Postgresql – Building where clause based upon parameters

casepostgresqlwhere

In PostgreSQL I am trying to build a where clause in a function that uses an inbound parameter to determine the contents of the IN

For example:

select fld1, count(fld1)
from xyz
where fld1 in (
    case $1
        when 1 then 'Value1'
        when 2 then 'Value2'
        when 3 then '''Value1'',''Value2'''
        when 4 then '''Value4'',''Value5'',''Value6'''
    else NULL
)
group by fld1

Value 1 works fine as does Value2, Values 3 and 4 fail not syntactically but no rows are returned.

Best Answer

Your suggestion is bad practice

From the code given it looks like you want to

  • supply a variable from your application $1
  • depending on that supplied variable make sure column fld1 is set to a specific set of values.
  • I like the suggestion of using simple OR however, if your condition is complex and you want to maintain it that can get to be very messy. Here is another way.

Here was your code,

select fld1, count(fld1)
from xyz
where fld1 in (
    case $1
        when 1 then 'Value1'
        when 2 then 'Value2'
        when 3 then '''Value1'',''Value2'''
        when 4 then '''Value4'',''Value5'',''Value6'''
    else NULL
)
group by fld1

However, I would unroll this as a JOIN, and later spring it off into another table. Really CASE should likely never be used in a WHERE clause.

select fld1, count(fld1)
from xyz
join ( VALUES
  (1, ARRAY['Value1'])
  , (2, ARRAY['Value2'])
  , (3, ARRAY['Value1','Value2'])
  , (4, ARRAY['Value4','Value5','Value6'])
) AS cond(code,values)
  ON ( code = $1 AND fld1 = any(cond.values) )
group by fld1

From there you can even use CTE's which may make it faster, and it'll look more maintainable.

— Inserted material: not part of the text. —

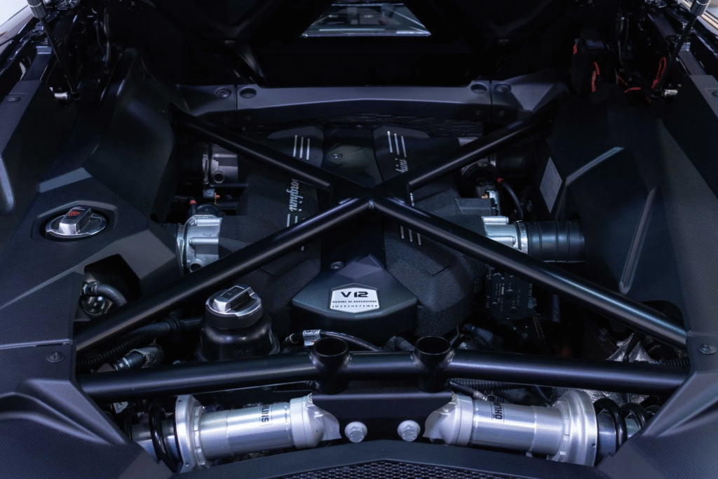 These numbers, combined with a drive train featuring a centrally located, 6.5 liter aspirated V12 generating 700 hp, an ISR 7-speed gearbox and push-rod suspension make the new Aventador Roadster a unique super sports car with no direct competition.

WITH cond(code,values) AS (VALUES
  (1, ARRAY['Value1'])
  , (2, ARRAY['Value2'])
  , (3, ARRAY['Value1','Value2'])
  , (4, ARRAY['Value4','Value5','Value6'])
)
select fld1, count(fld1)
from xyz
join cond ON ( code = $1 AND fld1 = any(cond.values) )
group by fld1

From the CTE, you can just as well make cond(fld1,values) its own table if it gets too bloody.